GERECHTSHOF DEN HAAG

Afdeling Civiel recht
Zaaknummer : 200.229.028/01
Rolnummer rechtbank : C/09/540786 / KG ZA 17/1313

arrest van 23 juli 2019

in de zaak van

[appellante] ,

wonende te [woonplaats] ,
en
Smoly B.V.,
gevestigd te Rijswijk,
appellanten,
hierna gezamenlijk te noemen: [appellante] c.s.,
advocaat: mr.
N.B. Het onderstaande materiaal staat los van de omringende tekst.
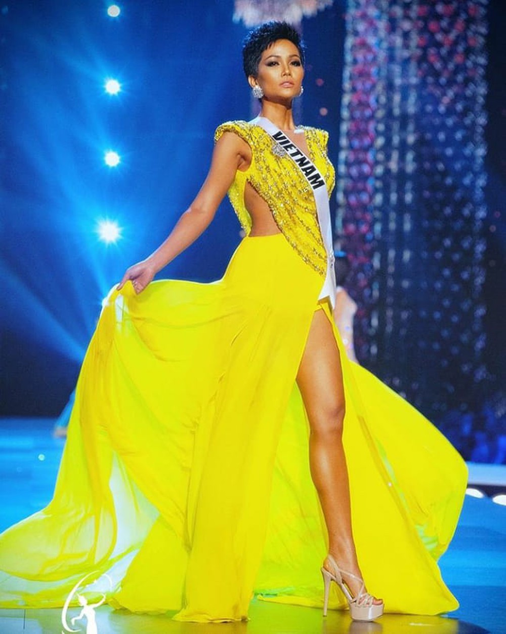 Nhắc đến váy vàng, chắc chắn không thể bỏ qua H'Hen Niê cùng bộ cánh tạo nên màn trình diễn đi vào huyền thoại.
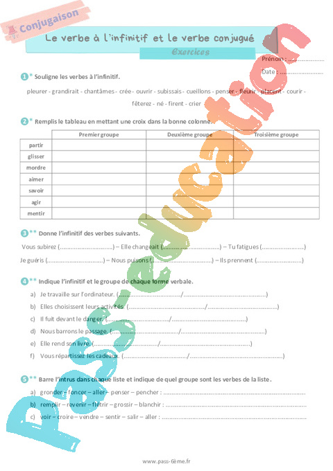 Exercices Le verbe à l’infinitif et le verbe conjugué 6ème pdf
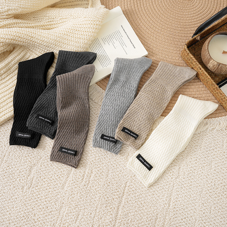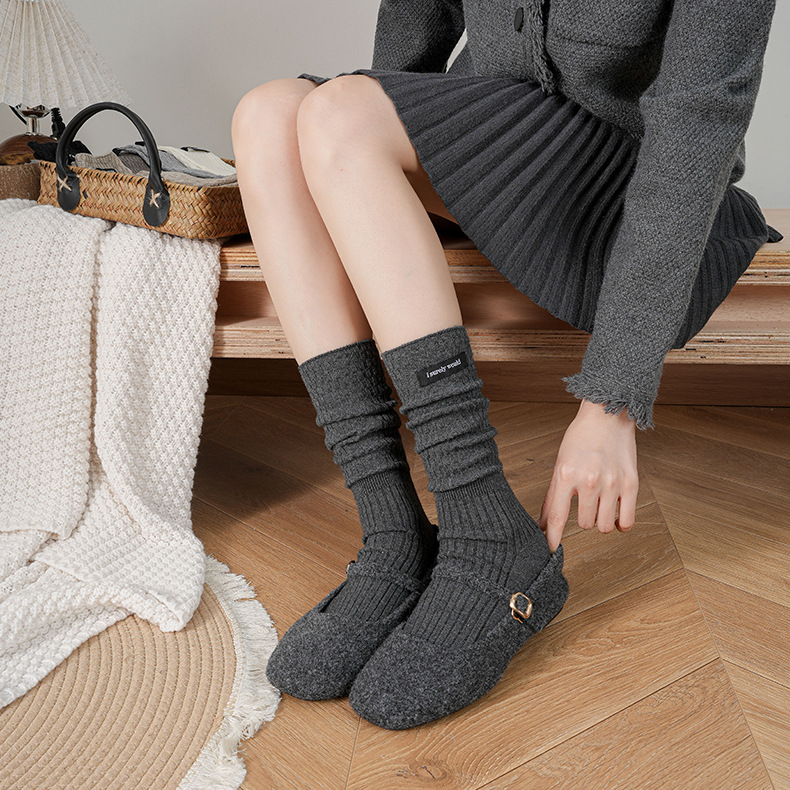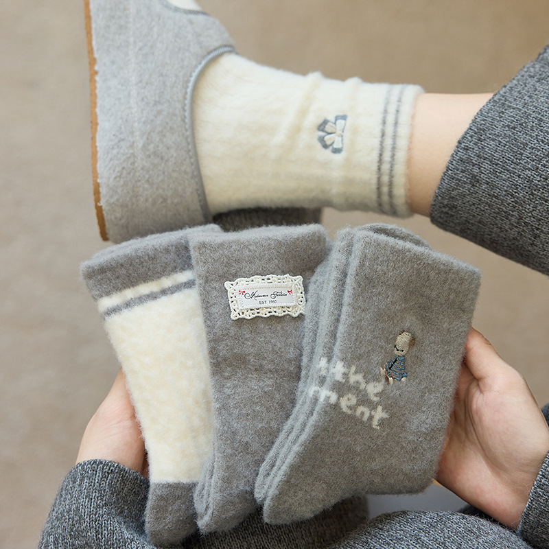 软糯澳绒灰色系复古袜子女加绒加厚保暖中筒袜小众百搭月子睡眠袜

P. Quist te Naaldwijk (gemeente Westland),
tegen

[geïntimeerde] ,

wonende te [woonplaats] ,
en
[X B.V.],
gevestigd te Den Haag,
geïntimeerden,
hierna gezamenlijk te noemen: [geïntimeerde] c.s.
advocaat: mrs J.J. Wittekamp en P. Wezelenburg te Delft.

Het geding

Bij exploot van 29 november 2017 zijn [appellante] c.s. in hoger beroep gekomen van het tussen partijen in kort geding gewezen vonnis van de voorzieningenrechter van de rechtbank Den Haag van 2 november 2017. In dit exploot zijn negen grieven aangevoerd. Deze grieven zijn door [geïntimeerde] c.s. bij memorie van antwoord (met producties) bestreden. Vervolgens hebben [appellante] c.s. een akte genomen waarop [geïntimeerde] c.s. bij antwoordakte (met producties) hebben gereageerd. Partijen hebben gefourneerd en arrest gevraagd.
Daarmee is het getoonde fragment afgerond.